Researchers from the Institute of Modern Physics at the Chinese Academy of Sciences, led by Dr. Xin Li, have recently published a study in the journal Physical Review C that explores the behavior of protons in heavy-ion collisions. Their work focuses on understanding how various factors influence proton anisotropic flows, which are essential for extracting information about the equation of state (EOS) of nuclear matter.
In their study, the researchers utilized the lattice Boltzmann-Uehling-Uhlenbeck transport model to systematically analyze proton anisotropic flow observables measured by the HADES collaboration. They employed a nuclear effective interaction based on the N5LO Skyrme pseudopotential to investigate the impacts of several key factors.

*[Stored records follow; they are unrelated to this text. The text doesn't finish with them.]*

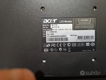 vendo monitor Acer da 17 pollici perfettamente funzionante.
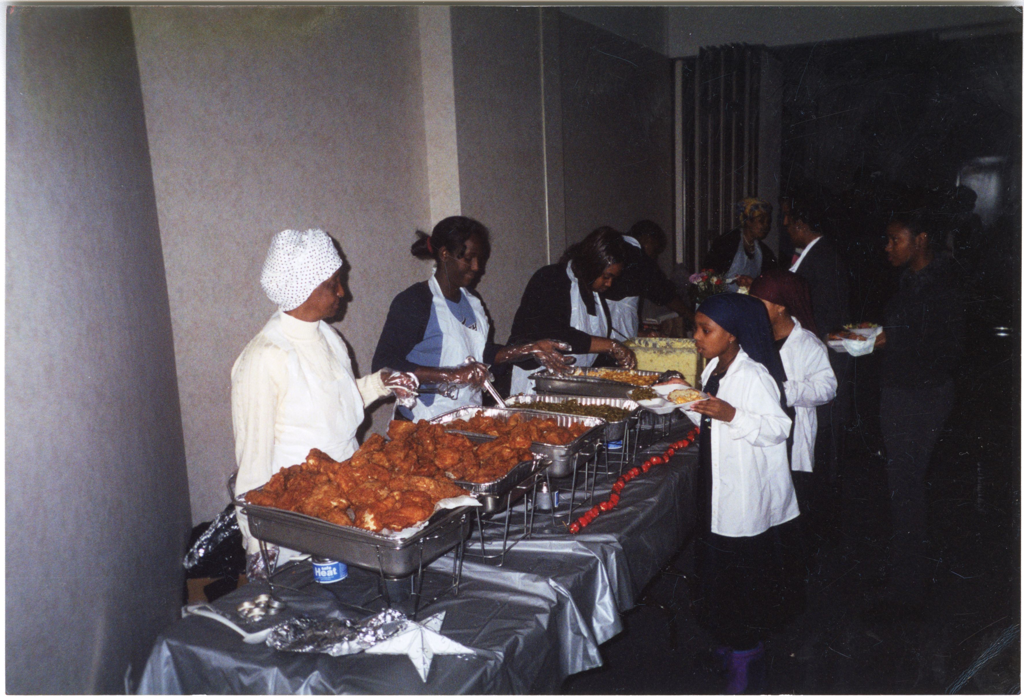 Color photograph of students serving food at Black Student Union's "Annual Pre-Kwanzaa Dinner" event in the Student Union, circa 2000s.
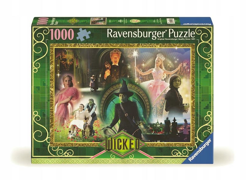 Puzzle Ravensburger z motywem Wicked to świetna propozycja dla miłośników filmów i układanek. Zestaw zawiera 1000 starannie wykonanych elementów, które po ułożeniu tworzą kolorowy obraz o wymiarach około 70×50 cm. Dzięki solidnemu kartonowi i precyzyjnemu cięciu każdy element idealnie pasuje na swoje miejsce. Układanka rozwija koncentrację, cierpliwość i daje dużo satysfakcji – to idealny sposób na relaks po dniu pracy.
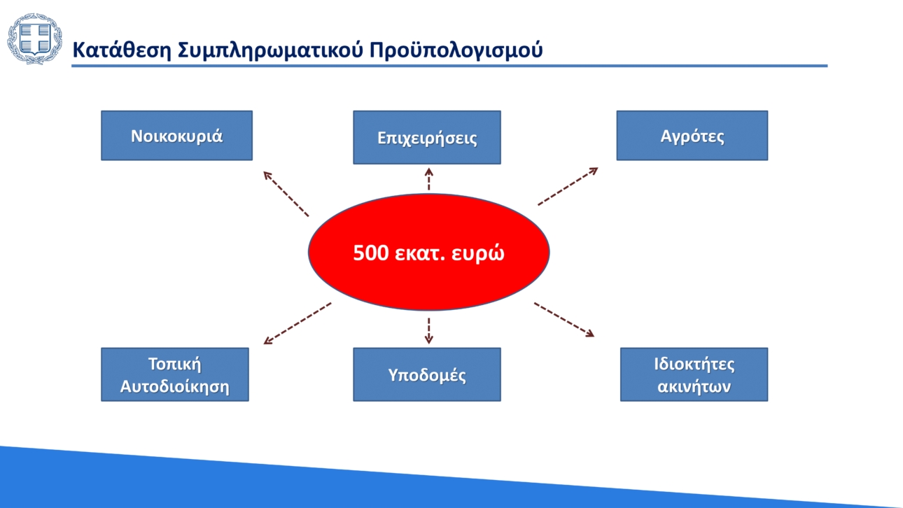 Για την υλοποίηση αυτών, με απόφαση του υπουργού Οικονομικών και του αναπληρωτή υπουργού Οικονομικών, σε συνεργασία με το υπουργείο Ανάπτυξης και Επενδύσεων, δρομολογείται η κατάθεση συμπληρωματικού προϋπολογισμού, ύψους 500 εκατ. ευρώ.

These included the momentum dependence of nucleon mean-field potentials, the stiffness of symmetric nuclear matter (SNM) EOS, the high-density behaviors of the symmetry energy, and the in-medium modification of nucleon-nucleon elastic cross sections.

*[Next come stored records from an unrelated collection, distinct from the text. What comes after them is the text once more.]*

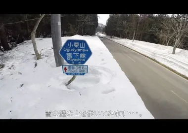 豪雪地帯にある2メートル以上はある雪の壁の上を歩いてみます。道路標識がガッ…
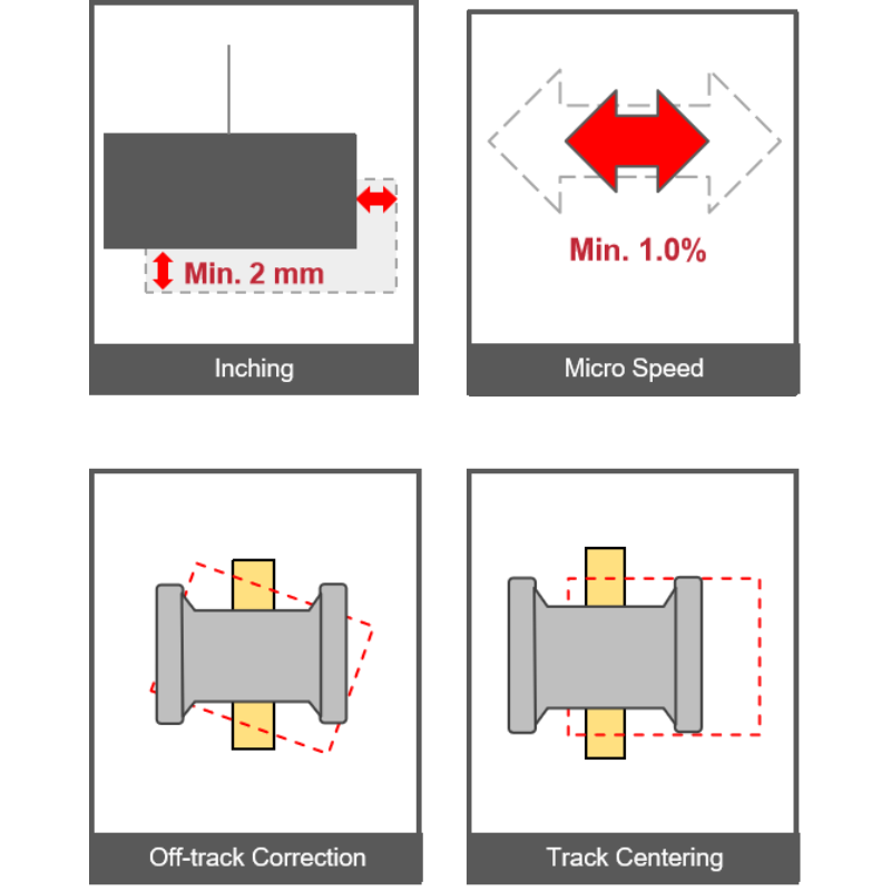 The off-track correction system automatically adjusts any deviation from the track, ensuring that the equipment always operates on the correct path.
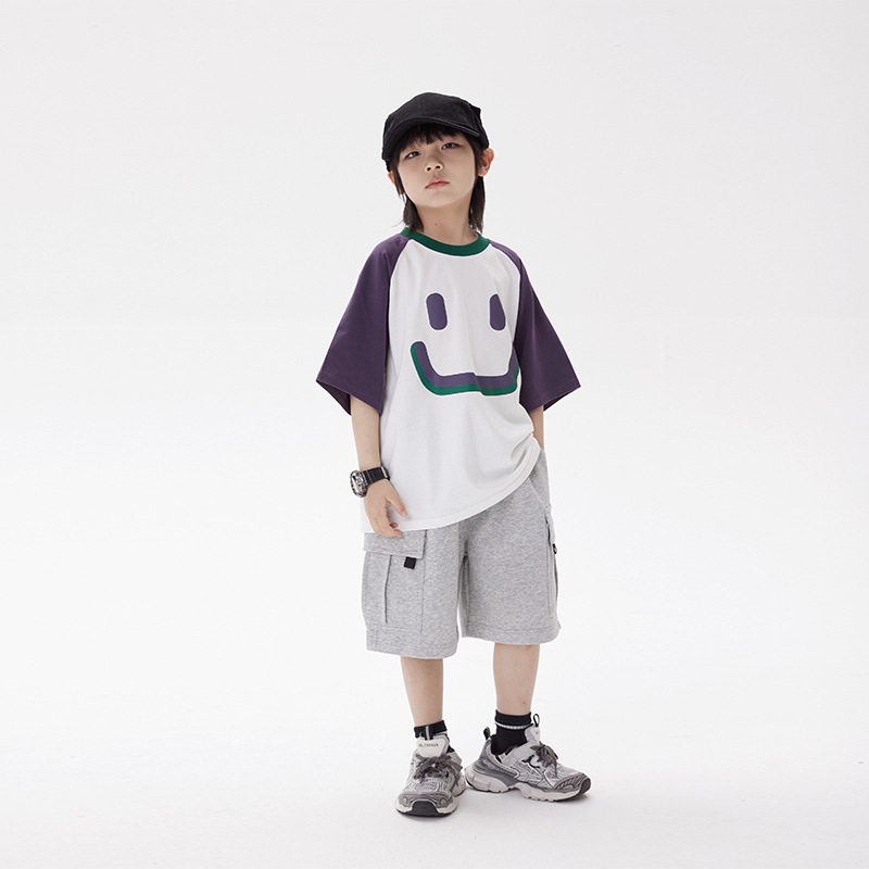 | nameOriginal | Children's T-shirt 2024 summer new arrival boys casual raglan short sleeve fashionable cartoon printed top |

The findings revealed that proton anisotropic flows are highly sensitive to the momentum dependence of nucleon mean-field potential and the incompressibility coefficient (K0) of SNM. Additionally, the transverse momentum dependence of proton v2 showed modest sensitivity to higher-order skewness (J0) and kurtosis (I0) coefficients of SNM, as well as the momentum dependence of the symmetry potential. The transverse momentum dependence of proton v1 was found to modestly depend on the in-medium modification of nucleon-nucleon elastic cross sections. However, the high-density symmetry energy had limited effects on proton anisotropic flows.

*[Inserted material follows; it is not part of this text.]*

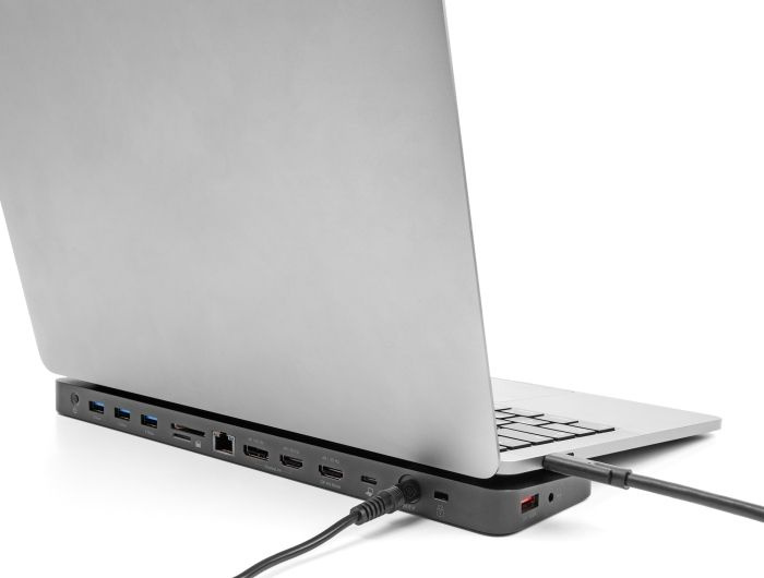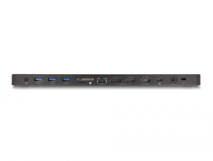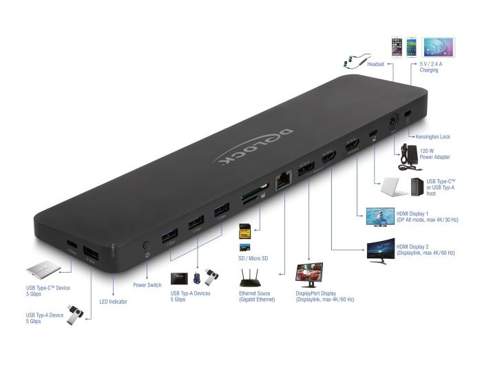 Tuto dokovací stanici značky Delock lze k počítači připojit rozhraním USB-C™ DP Alt Mode, Thunderbolt™ 3 nebo Thunderbolt™ 4 a poskytuje několik různých rozhraní. Na výstupech pro monitory lze provozovat až tři monitory současně. Pět integrovaných portů USB 5 Gbps umožňuje používat periférie a jiný port USB lze používat k nabíjení mobilních zařízení. Funkcionalitu zařízení doplňují konektory sluchátek, přípojka sítě Gigabit a čtečka karet na paměťové karty SD a Micro SD. K zásuvce Kensington lze připojit bezpečnostní kabel na ochranu dokovací stanice před krádeží.

These results underscore the importance of considering the momentum dependence of nucleon mean-field potentials, including the symmetry potential, higher-order characteristic parameters of SNM EOS beyond K0, and the in-medium modification of nucleon-nucleon elastic cross sections in future Bayesian transport model analyses. This approach will be crucial for accurately extracting information on nuclear matter EOS and the associated underlying nuclear effective interactions from proton anisotropic flows in heavy-ion collisions at HADES energies.
The practical applications of this research for the energy sector are indirect but significant. Understanding the behavior of nuclear matter under extreme conditions can provide insights into the development of advanced nuclear energy technologies. For instance, the findings could contribute to the design of more efficient and safer nuclear reactors or the exploration of novel nuclear fusion processes. Additionally, the methodologies and models used in this study can be adapted to other areas of energy research, such as plasma physics and high-energy density science, which are relevant to the development of fusion energy and advanced propulsion systems.
This article is based on research available at arXiv.